Now whenever those two systems disagree, that's interesting for many reasons. One, the disagreement is an indicator that from a visual perspective, from a perception perspective the situation is challenging for those systems. Therefore you might want to bring the driver's attention to the situation so they take control back from the vehicle.
It's also interesting for validating systems. So if you propose a new perception control system, you can imagine putting it into a car to go along with autopilot or with other similar systems to see how well that new system works with autopilot when it disagrees, when it doesn't. And the disagreement from the computer vision aspect is also really interesting for detecting edge cases.
So the challenging thing about driving or for building autonomous vehicles is that most of the driving is really boring. The interesting bits happen rarely. So one of the ways to detect those interesting bits, the edge cases, is to look at the disagreement between these perception systems, to look at cases when the two perception systems diverge and therefore they struggle with that situation.

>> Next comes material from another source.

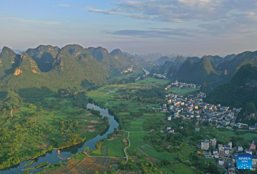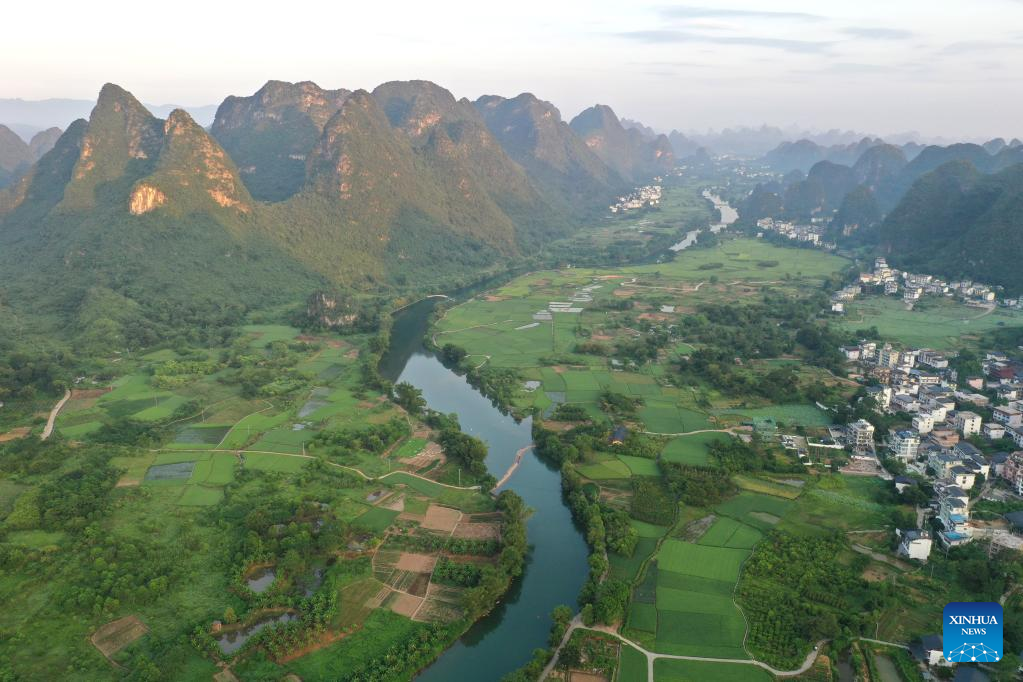 Aerial photo taken on Aug. 24, 2022 shows the scenery along Yulong River in Yangshuo County, Guilin City, south China's Guangxi Zhuang Autonomous Region. (Xinhua/Zhou Hua)

Finally, when the driver is controlling and takes control of the vehicle, which I am doing now, and when my steering decisions, my turning of the steering wheel is such that the neural network disagrees, it perhaps means that I am either distracted or the situation is visually challenging, therefore I should pay extra attention.
So it makes sense for the system to warn you about that situation. Now the interesting thing about Tesla and the autopilot system is that if we instrument a lot of these vehicles, as we have, we've instrumented 20 Teslas as part of the MIT Autonomous Vehicle Study and are collecting month after month, year after year now, data, video in and video out.
We can use that data to train better systems, to train perception systems, control, motion planning and the end-to-end network that we're showing today. We have the large-scale data to train the learning-based perception and control algorithms. Now an important thing to mention is that these systems were designed to work on the highway, at highway speeds.
So the kind of disagreement it's trained to detect is disagreement between autopilot and the neural network in highway situations. So the visual characteristics of lane markings deteriorating or construction zones and so on. Now the details, and if you're interested in more, can be found in a paper titled "Arguing Machines."